I carry bear spray with me sometimes now not as protection against the bear's or the lion's ferocity, but against my own foolishness. Someday I hope to be too old to be able to walk all over this valley, and when I am, I hope that there are still grizzly bears, wild grizzly bears, young grizzly bears, living as they have always lived, in those last far corners where we have not yet built roads or dams or mines.

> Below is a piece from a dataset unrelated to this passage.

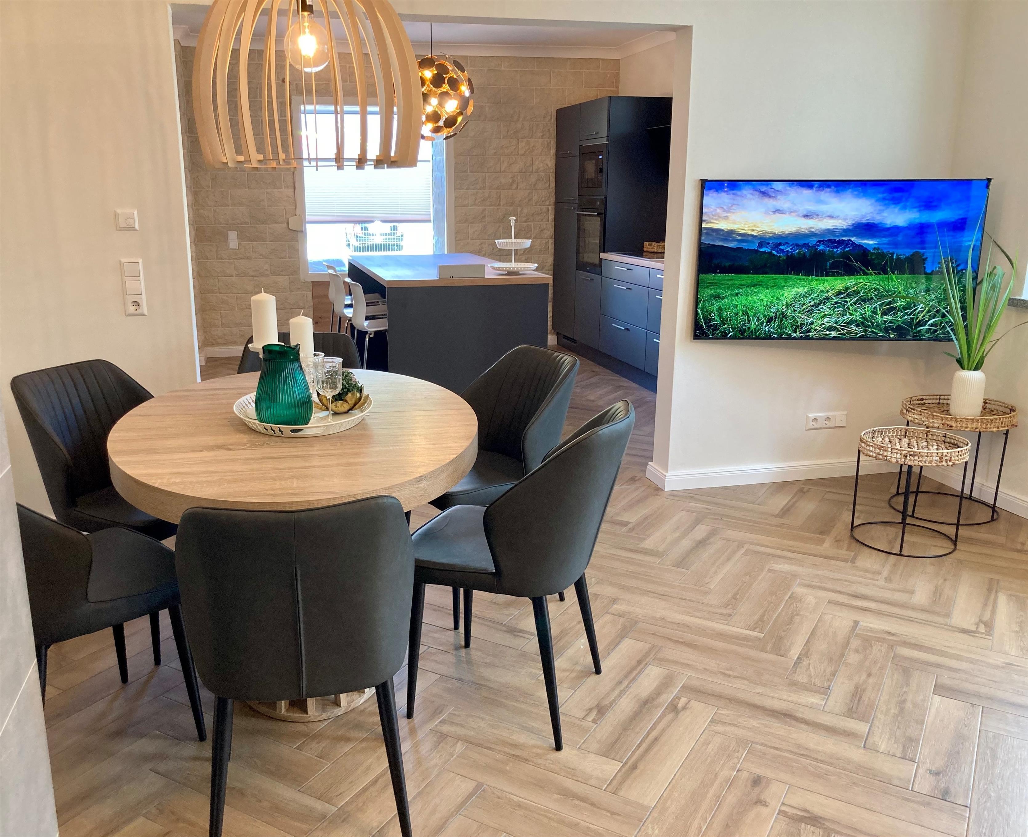 Bereits beim Betreten spüren Sie die besondere Atmosphäre des Hauses: warme Holztöne, ausgewählte Materialien und eine geschmackvolle Einrichtung schaffen ein elegantes, zugleich gemütliches Zuhause auf Zeit. Im großzügigen Wohnbereich lädt ein Kamin zu behaglichen Abenden ein – perfekt nach einer Wanderung durchs Bodetal oder einem Winterspaziergang.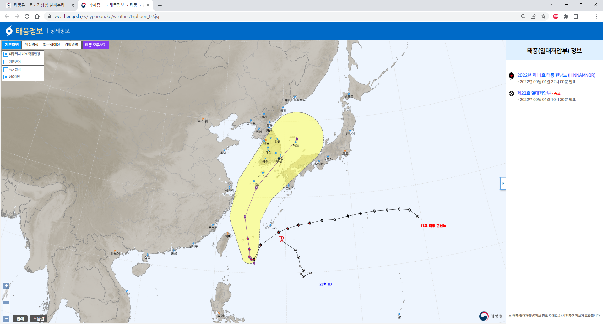 현재 태풍 관련 예보를 찾을 때 저는 여러 사이트를 확인해보며 언제 가장 위험할지 찾아보고는 합니다.

The bears are not the danger, the wilderness is not the danger, nature is not the danger. We are the danger, and a world without these things, or with these things diminished—bears, wilderness, wild nature—is not a place I care to dwell. I am clumsy in that world, as well. It is not nature's fault that I stumble. It is in wild nature that I most feel such stumbling is all right—approaching, with my clumsiness sometimes, even a prayerful kind of grace, and laughing and marveling at the richness of a wilder, farther world that for the most part still lies beyond our touch, our reach, and even our understanding. We cannot really protect ourselves against such wonder. We can only protect ourselves against the vices of inattention and disrespect.
We need more big wild country, against which to be wonderfully, foolishly, human, while the rest of the animal world looks on, and perhaps marvels.
Rick Bass is the author of numerous works of fiction and non-fiction. This essay is adapted from a longer version that appeared in OnEarth, the quarterly journal of the Natural Resources Defense Council.